15 Colo. App. 364 | Colo. Ct. App. | 1900

Wilson, J.

The purpose of this suit instituted by appellees was to secure a decree adjudging that the defendant was a trustee, holding in trust for them four undivided one-ninth parts of the Mallet lode mining claim in the Cripple Creek district, and that defendant be compelled to convey such interest to them. Defendant interposed a demurrer to the complaint, which was overruled. Thereupon, he stood upon the demurrer and a decree was entered in behalf of plaintiffs as prayed for. The substantial allegations of the complaint, admitted by the demurrer to be true, were that on January 26, 1895 — less than two years before tbe commencement of this suit — the parties to the action and one Bruce, whose interest is not *366involved in this controversy, were the owners of the said lode mining claim, the plaintiffs owning four one-ninth parts thereof.
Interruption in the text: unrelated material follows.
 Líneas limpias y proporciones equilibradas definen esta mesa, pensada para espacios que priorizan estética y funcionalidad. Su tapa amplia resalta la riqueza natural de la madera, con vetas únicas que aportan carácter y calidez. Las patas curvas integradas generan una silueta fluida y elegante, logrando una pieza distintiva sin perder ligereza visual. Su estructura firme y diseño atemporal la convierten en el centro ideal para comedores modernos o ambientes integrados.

That on said date, plaintiffs, together with Bruce, executed to defendant a hond and lease of the claim, by the terms of which defendant was to be let into the exclusive possession thereof for the purpose of working it on his own account, paying a certain royalty therefor to the other parties, and with privilege of purchasing the other parties’ interest in the claim within a certain time, at a specified price. This bond and lease, which was set forth in full in the complaint, specifically required defendant to do a certain amount of work upon the claim during each year that he held possession thereunder. The complaint specifically alleged that this provision of the lease requiring certain work to be done each year was inserted by the agreement of all parties, for the purpose of preventing a forfeiture of the claim on account of the failure to comply with the United States law with reference to assessment work.
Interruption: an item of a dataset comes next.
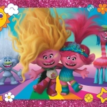 Discover fun with the heroes from the movie Trolls 3 and assemble a shimmering picture that will please every child. The puzzle is decorated with fine glitter, so it sparkles beautifully when finished and stands out in any child’s room.
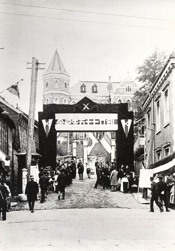 1907(明治40)年4月21日、義塾関係者等3000名余りが三田山上に集い、創立50年記念式典が盛大に挙行された。夕刻にはカンテラ行列が三田キャンパスからスタートし、銀座・日本橋を経て日比谷で解散。

The complaint further alleged that whilst defendant was so holding possession under said lease, and before its expiration, in violation of his contract, he demanded that plaintiffs pay to him four ninths of the cost of the assessment work upon the claim for 1896, under penalty of the forfeiture of their interest therein. That upon their failure to make such payment, defendant filed a pretended notice of such forfeiture, with the intent to defraud plaintiffs out of their interest, and thereafter, claiming to be the sole owner of the claim, made application for patent in the United States land office, and through such fraudulent means procured from the land office a receiver’s receipt for the purchase price of said claim.

The chief contention of defendant in his argument is that the United States land department alone had jurisdiction of the controversy, and that a court of equity should not, if at all, assume jurisdiction until a patent for the claim had been issued by that department. This claim is based upon an alleged rule of the general land office to the effect that, “One holding a present joint interest in a mineral location in an ap*367plication for a patent, who is excluded, from the application so that his interest would not be protected by the issue of patent thereon may protest against the issue of patent as applied for, setting forth in such protest the nature and extent of his interest in such location, and such a protestant will be deemed a party in interest entitled to appeal.”
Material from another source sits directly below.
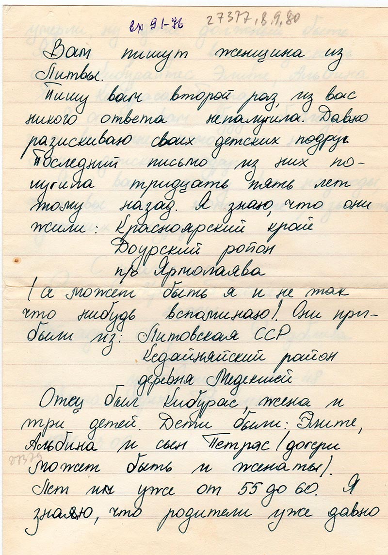 Пишу вам во второй раз, из вас никакого ответа не получала. Давно разыскиваю своих детских подруг. Последнее письмо из них получила тридцать пять лет тому назад. Я знаю, что они жили: Красноярский край, Доурский раойн п/о Ярмолаява (а может быть я и не так что-нибудь вспоминаю). Они прибыли из: Литовская ССР, Кедайнянский район деревня Медекшей.

Without attempting to discuss the extent, application or object of this rule, it is obvious that it does not, and could not, apply to the matter in controversy. Here the question presented was one solely for judicial determination, namely, whether or not the plaintiffs herein were holding a “ present joint interest ” in the location. If such a protest had been made and received by the land department, it would not have assumed judicial functions and undertaken to decide the controverted point, but would have referred the parties to the courts for redress. The plaintiffs had a clear right to commence this proceeding in court, because it was the court alone that could determine the matter. The suit was not an attack, either collateral or otherwise, upon the proceedings in the land office. Neither was the suit instituted prematurely. The parties were not compelled to wait until a final patent had been issued. The issuance of a patent was a matter solely between the government and the parties. The issuance of the receiver’s receipt was an acknowledgment, so far as all other parties save the government was concerned, that the government had parted with its interest in the land. After its issuance, the parties to whom the receipt ran were vested with a title which they could convey, subject to be defeated only by the government. Struby, etc., v. Davis, 18 Colo. 93; Godding v. Decker et al., 3 Colo. App. 204.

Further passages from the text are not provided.